A Wayne State University School of Medicine faculty member will be among the keynote speakers for the 21st annual Congress of International Drug Discovery Science and Technology next month in Kobe, Japan.
Bhanu Jena, Ph.D., D.Sc., the George E. Palade University Professor and Distinguished Professor of Physiology, will present “The Porosome Secretory Nanomachine: Discovery to Therapy” on May 12 during the congress meeting.
In the mid-1990s, Dr. Jena discovered the then-new porosome cellular structure, which governs secretion in cells. During the next 30 years, he and his research team solved the structure and composition of the porosome complex, and functionally reconstituted it into lipid membrane and in live cells.
Porosomes are cup-shaped lipoprotein structures at the cell plasma membrane, where secretory vesicles transiently dock and fuse to release intra-vesicular contents during secretion. Porosomes measure around 100 to 180 nanometers in endocrine and exocrine cells and 15 nanometers at the nerve terminal. Porosomes are composed of approximately 30 proteins. The principles discovered and described by Dr. Jena proved to be universal, operating similarly in all animal cells.

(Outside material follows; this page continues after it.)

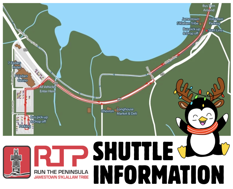 The 5K and 10K will start at dusk, approximately 4:30 pm on Saturday, December 6th at the Jamestown S'Klallam Tribe. All of Jamestown lights will be shining bright and on display during the run.

A number of human diseases are caused by mutations in some of the 30+ proteins composing the porosome complex. Dr. Jena’s discovery of the porosome, in addition to providing a deep understanding of cell secretion, has contributed to the establishment of a drug development platform for the treatment of a wide range of diseases. Among the examples of the therapeutic application of the porosome discovery is the reconstitution of the porosome complex into the cystic fibrosis transmembrane conductance regulator mutated cells that restore normal mucin secretion, and porosome reconstitution into stem cell-derived insulin-secreting beta cells in the treatment of Type 1 diabetes.
In recent years, Dr. Jena's laboratory has developed Differential Expansion Microscopy, and novel approaches to understanding the energetics of single biological molecules as they interact with other molecules, including ions, capable of revealing the structure-function of proteins at the single molecular level and its use in detection of pathogens, disease and therapy.